The Tree() object comes from ete2 package and when populated with branches and leaves consumes a lot of memory. As you see I must create a new Tree() for many times, however, deletion and garbage collection does not seem to release memory. Can anyone suggest what else I could do to effectively delete the Tree object at the end of each iteration of the for loop?

tevang
  • 518
  • 1
  • 4
  • 17
  • 1
    *"does not seem to release memory"* - according to what? Have you used a Python memory profiler? Which version of Python are you using (see e.g. http://stackoverflow.com/q/3916553/3001761)? – jonrsharpe Apr 30 '15 at 10:08
  • Python will almost never release memory that it's allocated. But that rarely matters; as long as you're not retaining garbage, it'll reuse that memory for the next large object. (And this is a good thing—if it kept `free`ing and `malloc`ing over and over, that would do nothing but slow everything down.) – abarnert Apr 30 '15 at 10:13
  • Anyway, `del Assignment_Tree` doesn't actually delete anything, it just removes that variable's reference to the tree. If there are any other references to the tree—e.g., one of those objects you're storing has a reference back to its tree node, and the node has a reference back to the whole tree—then the tree is still alive. – abarnert Apr 30 '15 at 10:16
  • Actually, you don't `del Root`, and I'll bet `Root` has a reference either to `Assignment_Tree` or to most of the data within it. So, after the `del Assignment_Tree`, the tree is still alive. So `gc.collect()` does nothing. But it still doesn't matter—next time through the loop, you reassign `Assignment_Tree` and `Root` right off the bat, so at worst you have (part of) two trees alive at any given time, not many. – abarnert Apr 30 '15 at 10:19
  • I use python 2.7 and monitor memory consumption through "htop" linux command. – tevang Apr 30 '15 at 10:20

1 Answers1

1

First, I'm not convinced you actually have a problem. But let's assume you do.

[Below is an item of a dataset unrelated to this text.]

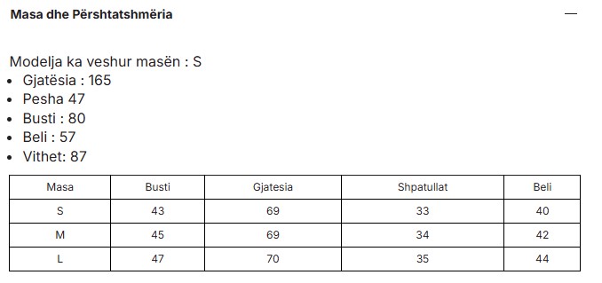 Size chart
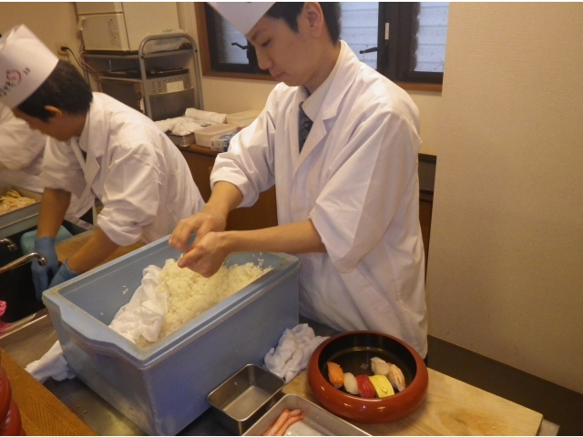 本日小牧苑では、地元の老舗お寿司屋さんの「八郎鮨」さん

Can anyone suggest what else I could do to effectively delete the Tree object at the end of each iteration of the for loop?

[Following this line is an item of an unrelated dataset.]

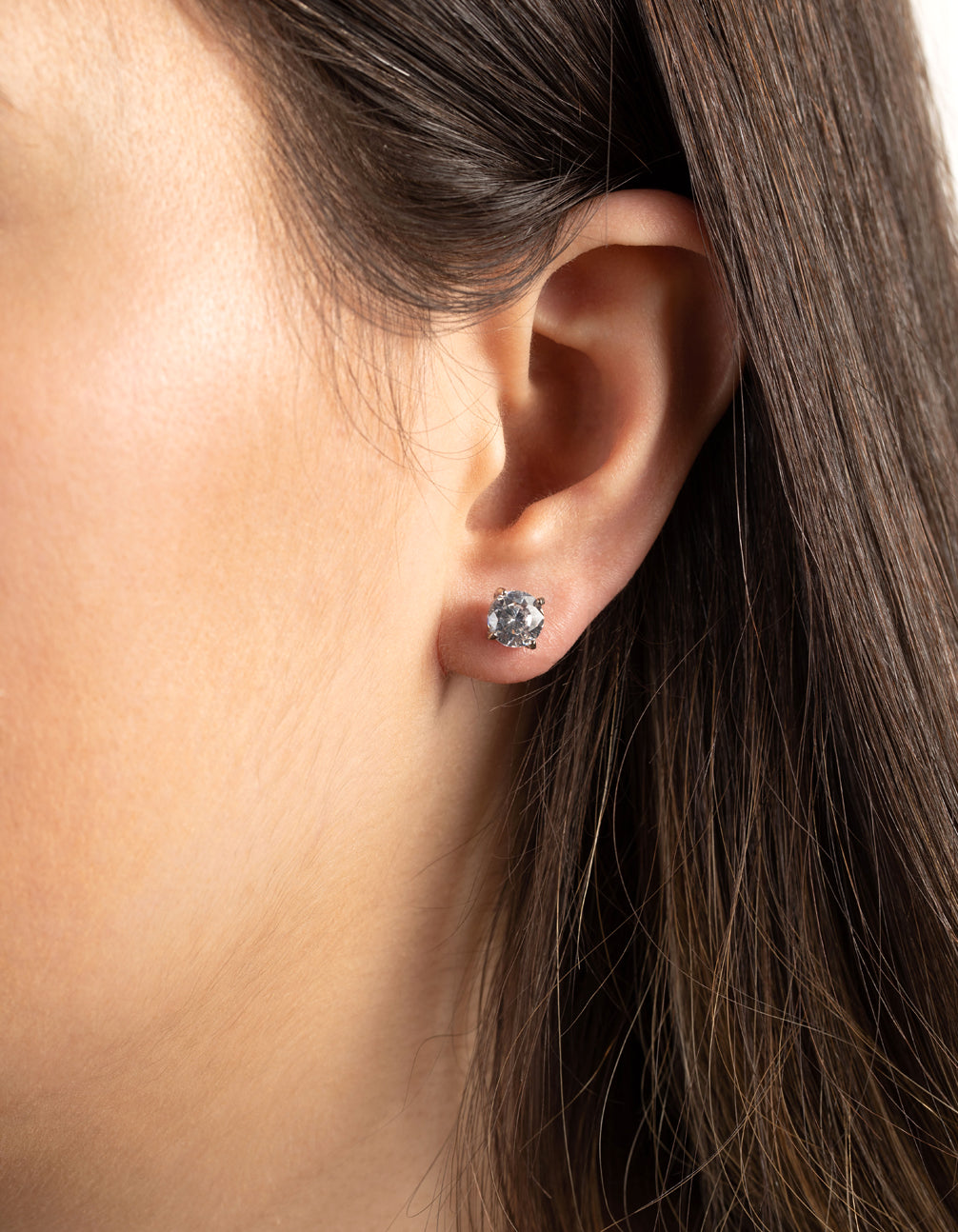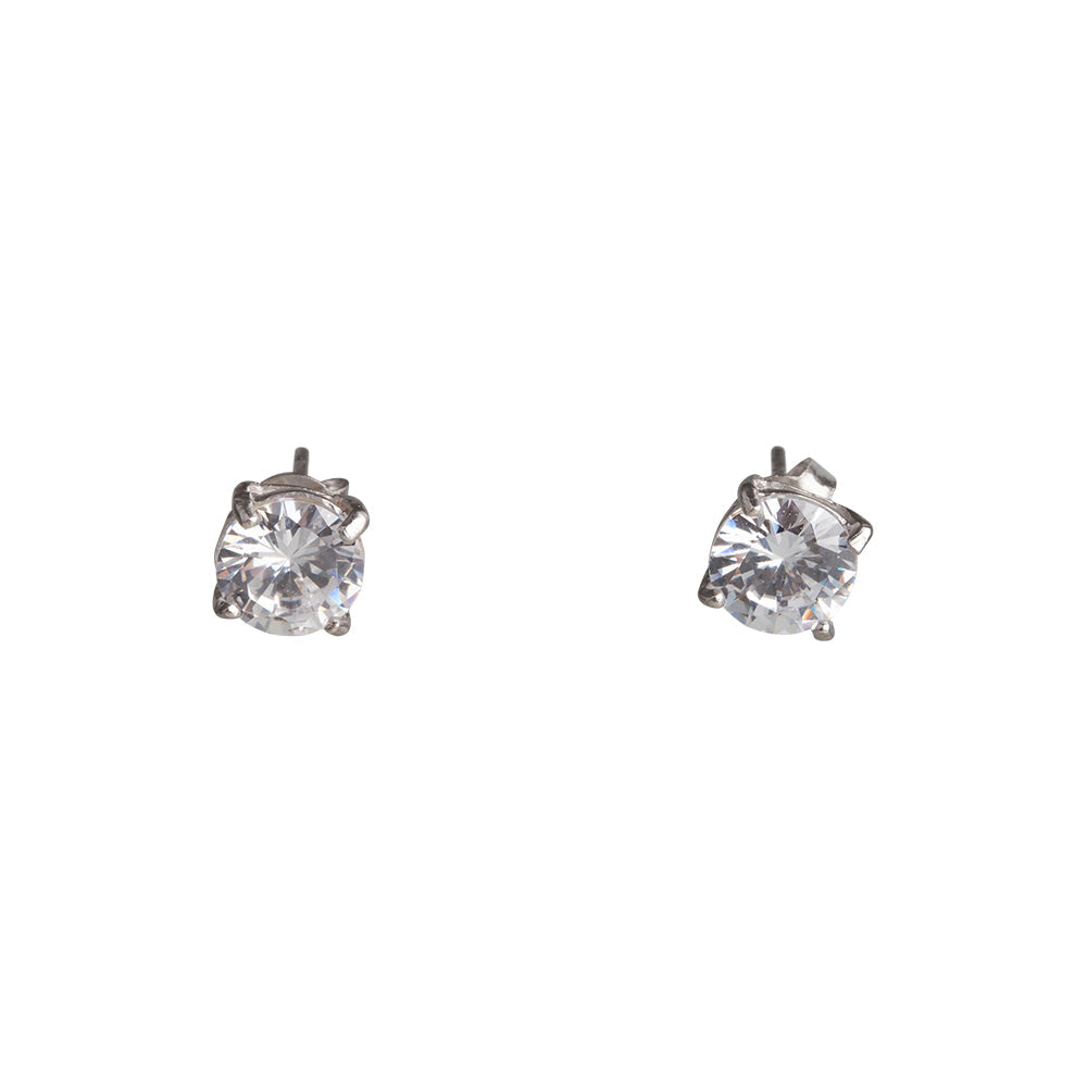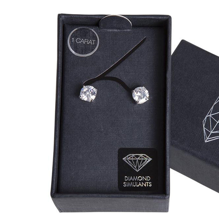 Crafted in metal with 1ct round crystal diamond simulants (good-cut, round-shape). Earring size: 7mm (L) x 7mm (W). Weight: 1g (single earring).

You could try to figure out who's keeping a reference to it alive, and del that too. I notice that you missed Root; I'll bet that has a reference to either the Tree object, or most of its data.

But the simple way to do it is to use scopes. Just refactor the loop body into a function, and all those variables created inside the loop become local variables inside the function, and they all go away when the function returns:

def do_tree_stuff(i):
    Assignment_Tree = Tree()
    Root = Assignment_Tree.get_tree_root()
    # ...
    Root.add_feature("name", i)
    populate_tree() # this function extends the branches of the Tree and adds leaves
    for leaf in Assignment_Tree.iter_leaves():
        chain = []
        score = leaf.dist
        chain.append(leaf.name)
        for ancestor in leaf.get_ancestors():
            chain.append(ancestor.name)

for i in i_iminus1_pool_dict.keys():
    do_tree_stuff(i)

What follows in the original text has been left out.